On Fri, Aug 07, 2020 at 01:02:44PM +0200, Thierry Reding wrote:
> On Thu, Aug 06, 2020 at 07:09:16PM -0700, John Stultz wrote:
> > On Thu, Aug 6, 2020 at 6:52 AM Thierry Reding <thierry.reding@xxxxxxxxx> wrote:
> > >
> > > On Wed, Apr 22, 2020 at 08:32:43PM +0000, John Stultz wrote:
> > > > This patch addresses a regression in 5.7-rc1+
> > > >
> > > > In commit c8c43cee29f6 ("driver core: Fix
> > > > driver_deferred_probe_check_state() logic"), we both cleaned up
> > > > the logic and also set the default driver_deferred_probe_timeout
> > > > value to 30 seconds to allow for drivers that are missing
> > > > dependencies to have some time so that the dependency may be
> > > > loaded from userland after initcalls_done is set.
> > > >
> > > > However, Yoshihiro Shimoda reported that on his device that
> > > > expects to have unmet dependencies (due to "optional links" in
> > > > its devicetree), was failing to mount the NFS root.
> > > >
> > > > In digging further, it seemed the problem was that while the
> > > > device properly probes after waiting 30 seconds for any missing
> > > > modules to load, the ip_auto_config() had already failed,
> > > > resulting in NFS to fail. This was due to ip_auto_config()

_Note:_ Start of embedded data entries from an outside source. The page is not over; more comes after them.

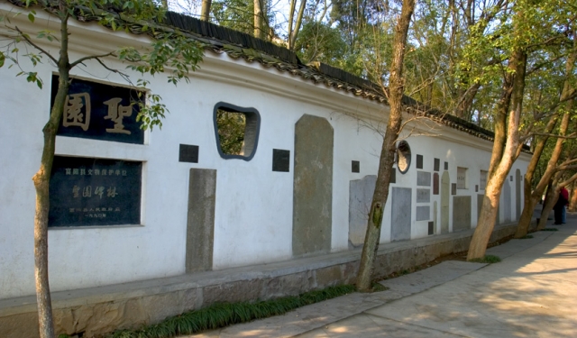 圣园碑林于1985年建成。九十年代末因学校改建,碑林移至小黄山,现位于新登古城范围内。廊墙通长56米,高2.35米,占地面积400平方米。石刻“圣园”二字为现代书法家黄苗子所题。碑林内共有新老碑刻37通,种类有庙碑、祠碑、墓碑、禁碑等。新碑均为现代书法名家所题。古碑有唐末著名文学家、诗人罗隐的墓碑;有明清时期的记叙罗隐在新登城鸡鸣山书院读书情况及一生业绩的《鸡鸣山记》碑和《学山碑记》;有明刻的《宋儒范氏心箴碑》和《程子动箴碑》等。
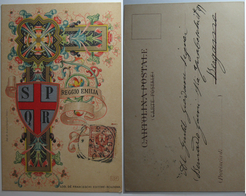 *TRIU* CARTOLINA REGGIO EMILIA - STEMMA DELLA PROVINCIA LIBERTY VIAGGIATA 1902
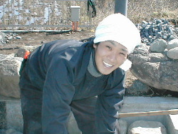 | げんさん | 造園工事大好きの根っからの職人 赤いちゃんちゃんこには見向きもせず、木や土の感触がたまらないといって軍手もはめずに、故事やいわれを語りつつ体を休めることなくパワフルに働いてくれるありがたい人。 職人気質が気にさわられたらゴメンナサイ・・・。 |
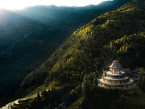 广西桂林龙脊金坑红瑶梯田最佳观赏地,阿卡迪亚全景酒店,仿佛置身天宫中!
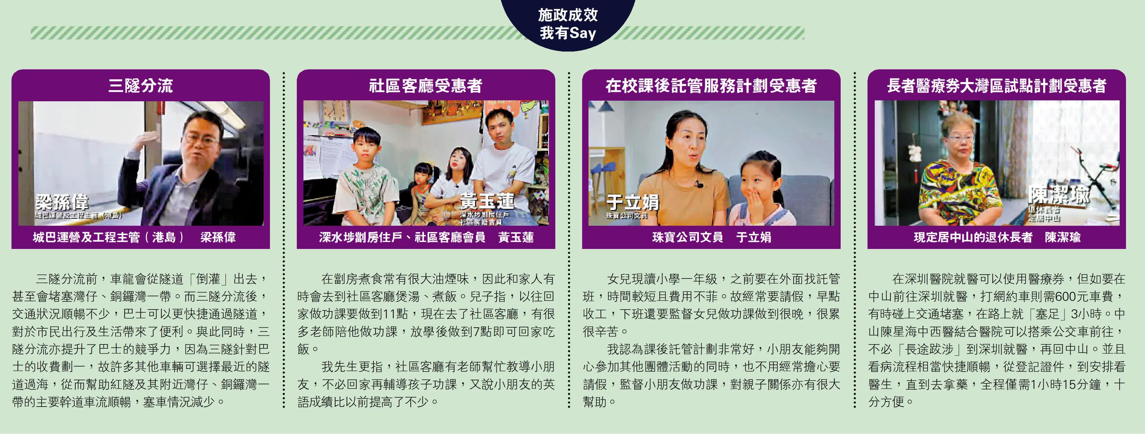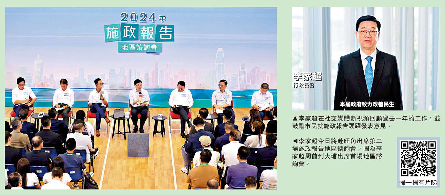 (大公報記者 龔學鳴)行政長官李家超將於10月發表任內第三份施政報告。他昨日在社交媒體上發表影片回顧過去一年的工作,特區政府在醫療、育兒、交通、房屋等各方面不斷作出努力,推出「社區客廳」、「在校課後託管服務計劃」等多項便民措施。多位受惠市民在影片中講述了自己生活的變化,並對便民措施的落實表示了積極的肯定。「細節成就大局」,李家超期望,繼續致力改善民生,讓市民生活得更好。
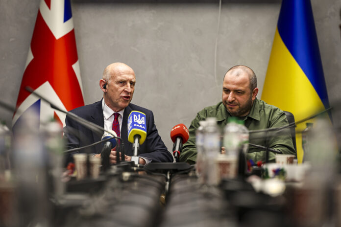 英國國防大臣希利(左)7日訪問烏克蘭敖德薩,與烏克蘭國防部長烏梅洛夫(右)會談並舉行記者會。(英國國防部提供) (圖:中央社)
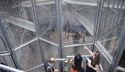 L’assemblaggio di circa un centinaio di barattoli ricoperti di vernice gocciolante, ha un effetto pittorico e straniante e pittorico al tempo stesso , che richiama alla memoria quelli di Daniel Spoerri e di Arman. Superato questo ambiente, si trova una scala che conduce a una terrazza panoramica del padiglione affacciata sui Giardini, dove incuriosisce un complesso e labirintico groviglio di tubi simili alle grondaie che invita il visitatore a introdurre le monete, le quali finiscono dentro a una grande vetrata e nel tempo porteranno a compimento un’ architettura vagamente Jugendstil, effimera, d’impatto scenografico che invita a riflettere su intriseci rapporti fra arte e architettura: perno costrutti
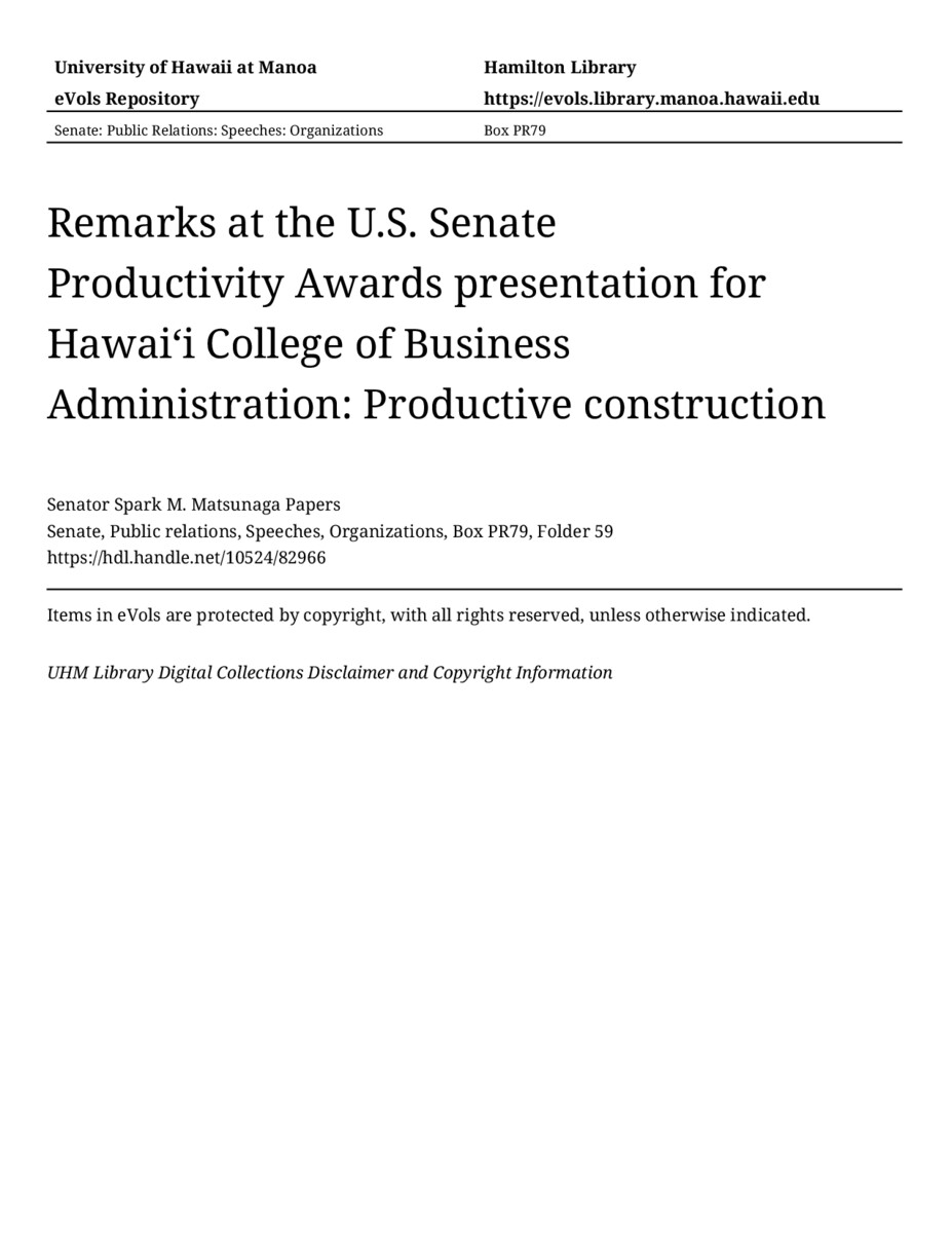 - Remarks at the U.S. Senate Productivity Awards presentation for Hawaiʻi College of Business Administration: Productive construction
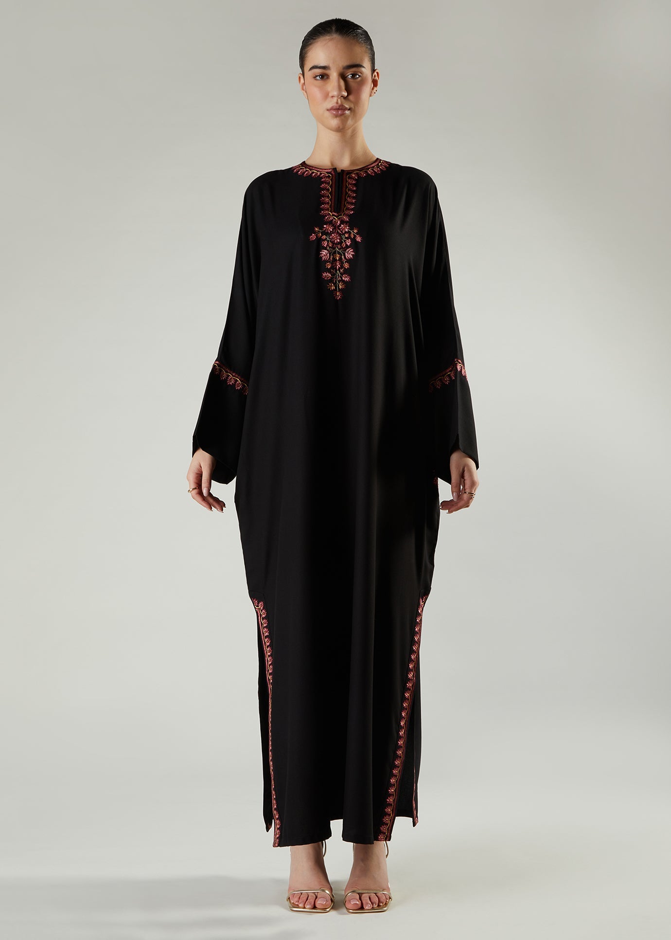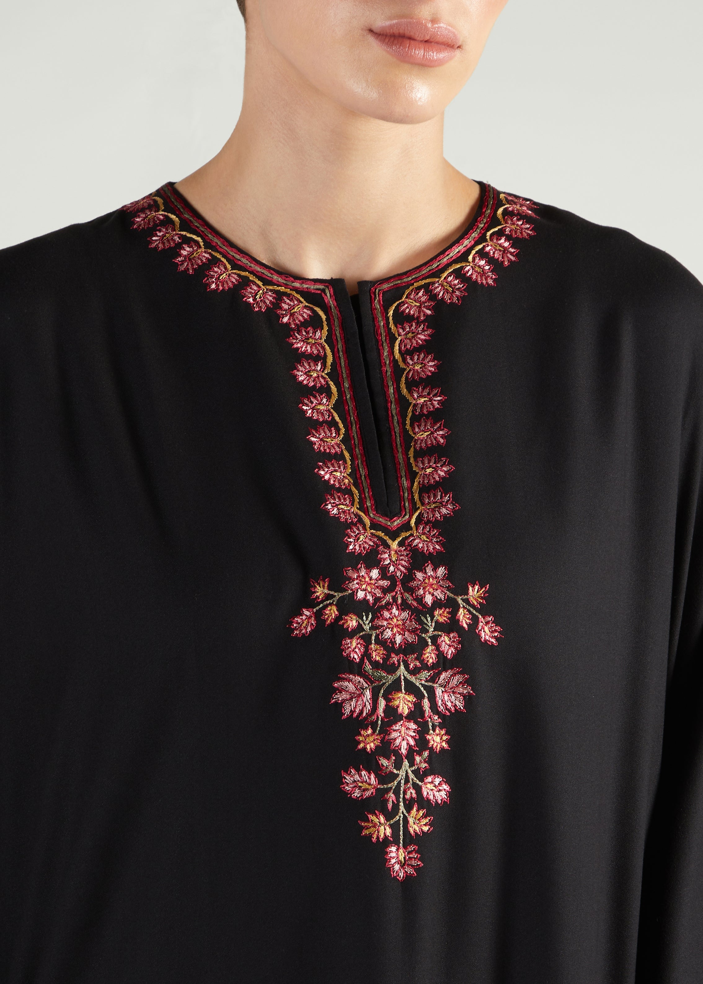 This Kaftan features pretty pink embroidery on this soft twill fabric, the embroidery is based on the bodice, cuffs as well as the mini side slits and outlining the pocket area. Comfortable, stylish and perfect for occasions.
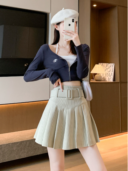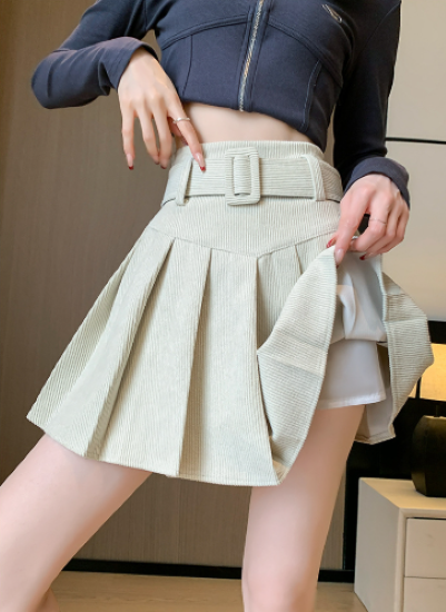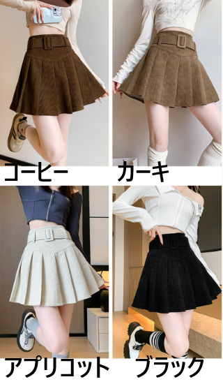 スカート レディース ボトムス ミニスカート ショート丈 プリーツ 美脚 脚長 ハイウエスト スタイルアップ Aラインシルエット コーデュロイ カジュアル お出かけ おしゃれ インナーパンツ付き

> > > > calling wait_for_device_probe() which doesn't wait for the
> > > > driver_deferred_probe_timeout to fire.
> > > >
> > > > Fixing that issue is possible, but could also introduce 30
> > > > second delays in bootups for users who don't have any
> > > > missing dependencies, which is not ideal.
> > > >
> > > > So I think the best solution to avoid any regressions is to
> > > > revert back to a default timeout value of zero, and allow
> > > > systems that need to utilize the timeout in order for userland
> > > > to load any modules that supply misisng dependencies in the dts
> > > > to specify the timeout length via the exiting documented boot
> > > > argument.
> > > >
> > > > Thanks to Geert for chasing down that ip_auto_config was why NFS
> > > > was failing in this case!
> > > >
> > > > Cc: "David S. Miller" <davem@xxxxxxxxxxxxx>
> > > > Cc: Alexey Kuznetsov <kuznet@xxxxxxxxxxxxx>
> > > > Cc: Hideaki YOSHIFUJI <yoshfuji@xxxxxxxxxxxxxx>
> > > > Cc: Jakub Kicinski <kuba@xxxxxxxxxx>
> > > > Cc: Greg Kroah-Hartman <gregkh@xxxxxxxxxxxxxxxxxxx>
> > > > Cc: Rafael J. Wysocki <rjw@xxxxxxxxxxxxx>
> > > > Cc: Rob Herring <robh@xxxxxxxxxx>
> > > > Cc: Geert Uytterhoeven <geert@xxxxxxxxxxxxxx>
> > > > Cc: Yoshihiro Shimoda <yoshihiro.shimoda.uh@xxxxxxxxxxx>
> > > > Cc: Robin Murphy <robin.murphy@xxxxxxx>
> > > > Cc: Andy Shevchenko <andy.shevchenko@xxxxxxxxx>
> > > > Cc: Sudeep Holla <sudeep.holla@xxxxxxx>
> > > > Cc: Andy Shevchenko <andriy.shevchenko@xxxxxxxxxxxxxxx>
> > > > Cc: Naresh Kamboju <naresh.kamboju@xxxxxxxxxx>
> > > > Cc: Basil Eljuse <Basil.Eljuse@xxxxxxx>
> > > > Cc: Ferry Toth <fntoth@xxxxxxxxx>
> > > > Cc: Arnd Bergmann <arnd@xxxxxxxx>
> > > > Cc: Anders Roxell <anders.roxell@xxxxxxxxxx>
> > > > Cc: netdev <netdev@xxxxxxxxxxxxxxx>
> > > > Cc: linux-pm@xxxxxxxxxxxxxxx
> > > > Reported-by: Yoshihiro Shimoda <yoshihiro.shimoda.uh@xxxxxxxxxxx>
> > > > Tested-by: Yoshihiro Shimoda <yoshihiro.shimoda.uh@xxxxxxxxxxx>
> > > > Fixes: c8c43cee29f6 ("driver core: Fix driver_deferred_probe_check_state() logic")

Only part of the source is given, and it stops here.